▶ **Problem statement**
Line by line, repeat the data below exactly, beginning at the first line and ending at the line with "下午15點整,公司黨委書記、". Omit pictures.
+++ Dataset extract +++
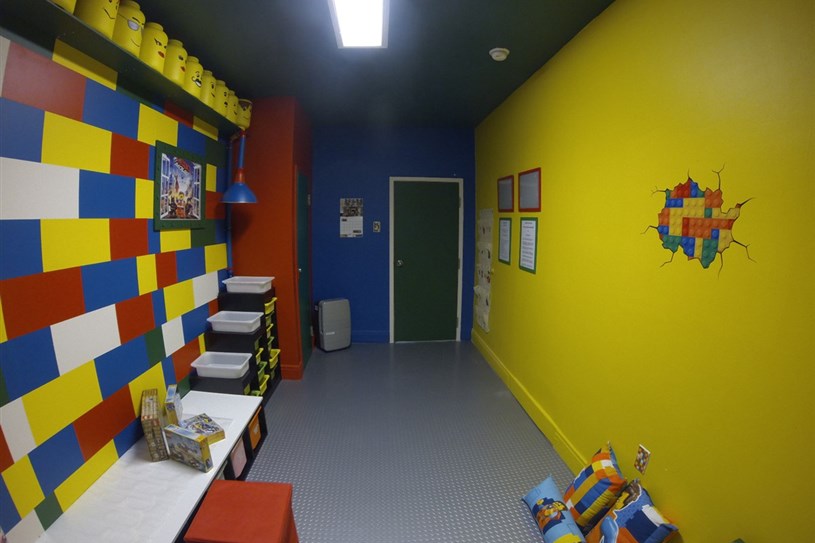 Malgré des différences et particularités d’un enfant à l’autre, l’équipe d’intervenants de l’unité l’Escale a identifié au fil du temps un champ d’intérêt qui les rassemblait tous : les Legos. Grâce à un financement offert par la Fondation du Centre jeunesse des Laurentides, l’équipe a mis la main à la pâte pour créer cet environnement attrayant pour les jeunes. La peinture détaillée et colorée du local a d’ailleurs été réalisée bénévolement par l’équipe d’intervenants qui travaillent avec ces jeunes.
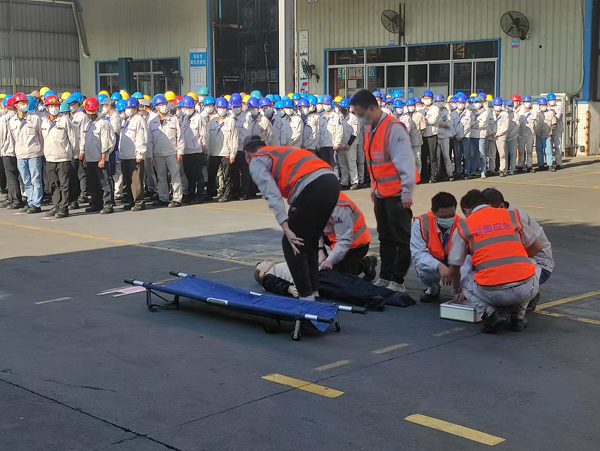 下午15點整,公司黨委書記、董事長、應(yīng)急實戰(zhàn)演習(xí)總指揮但昭學(xué)下達(dá)演習(xí)開始命令,演習(xí)正式開始。本次演習(xí)模擬了兩處火災(zāi)險情。情景一模擬公司中試車間液壓油管破裂引發(fā)火災(zāi)。在第一時間報警的同時,公司安全負(fù)責(zé)人迅速部署搶險工作,組織營救傷員,安排叉車隊轉(zhuǎn)移車間入口處的貨品,并對阻礙救援的車間鐵門進(jìn)行破拆。肇慶市消防救援支隊高要大隊消防人員抵達(dá)后,順利進(jìn)入火災(zāi)現(xiàn)場實施滅火,同時抵達(dá)的醫(yī)護(hù)人員立即對模擬昏迷傷員展開救治。通過多方協(xié)同作戰(zhàn),火情得到迅速撲滅,傷員得到及時救治。
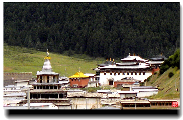 郎木寺沟里有两个隔河相望的郎木寺,藏文名字很复杂,给简化一下:甘肃的叫金顶庙,四川的叫银顶庙。郎木寺名声在外,很长一段时间老外背包客多于国内游客,小镇上满是异国情调的咖啡屋和国际青年旅社。
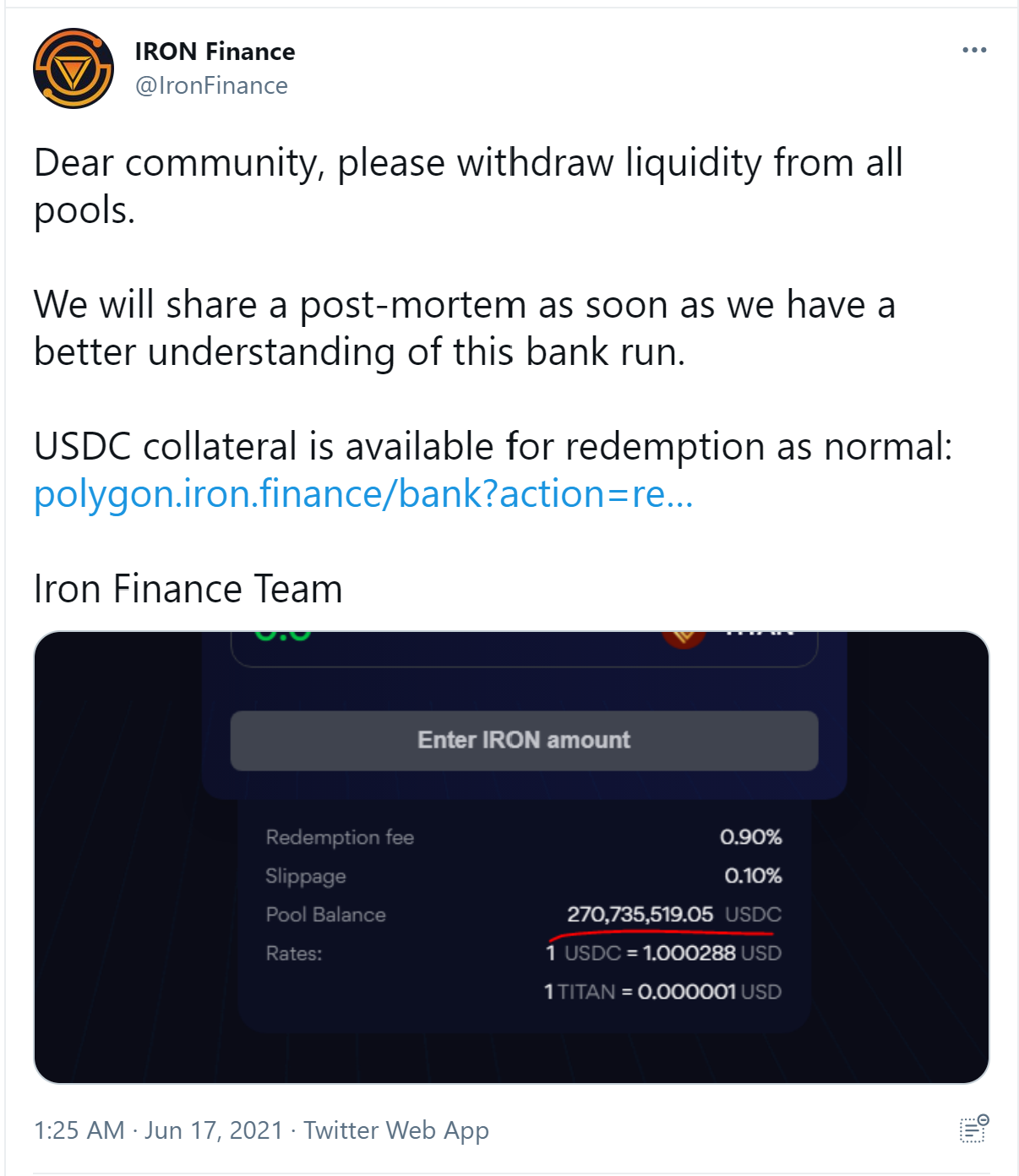 In my view, this was the real aim of the whales who started this "run". Crashing the price of TITAN was merely a means to an end. So TITAN's collapse was not a panicky bank run, as Iron Finance thinks. It was a deliberate attack on a USD-pegged token to force the peg to break.
+++
▶ **Result of this task**
 Malgré des différences et particularités d’un enfant à l’autre, l’équipe d’intervenants de l’unité l’Escale a identifié au fil du temps un champ d’intérêt qui les rassemblait tous : les Legos. Grâce à un financement offert par la Fondation du Centre jeunesse des Laurentides, l’équipe a mis la main à la pâte pour créer cet environnement attrayant pour les jeunes. La peinture détaillée et colorée du local a d’ailleurs été réalisée bénévolement par l’équipe d’intervenants qui travaillent avec ces jeunes.
 下午15點整,公司黨委書記、董事長、應(yīng)急實戰(zhàn)演習(xí)總指揮但昭學(xué)下達(dá)演習(xí)開始命令,演習(xí)正式開始。本次演習(xí)模擬了兩處火災(zāi)險情。情景一模擬公司中試車間液壓油管破裂引發(fā)火災(zāi)。在第一時間報警的同時,公司安全負(fù)責(zé)人迅速部署搶險工作,組織營救傷員,安排叉車隊轉(zhuǎn)移車間入口處的貨品,并對阻礙救援的車間鐵門進(jìn)行破拆。肇慶市消防救援支隊高要大隊消防人員抵達(dá)后,順利進(jìn)入火災(zāi)現(xiàn)場實施滅火,同時抵達(dá)的醫(yī)護(hù)人員立即對模擬昏迷傷員展開救治。通過多方協(xié)同作戰(zhàn),火情得到迅速撲滅,傷員得到及時救治。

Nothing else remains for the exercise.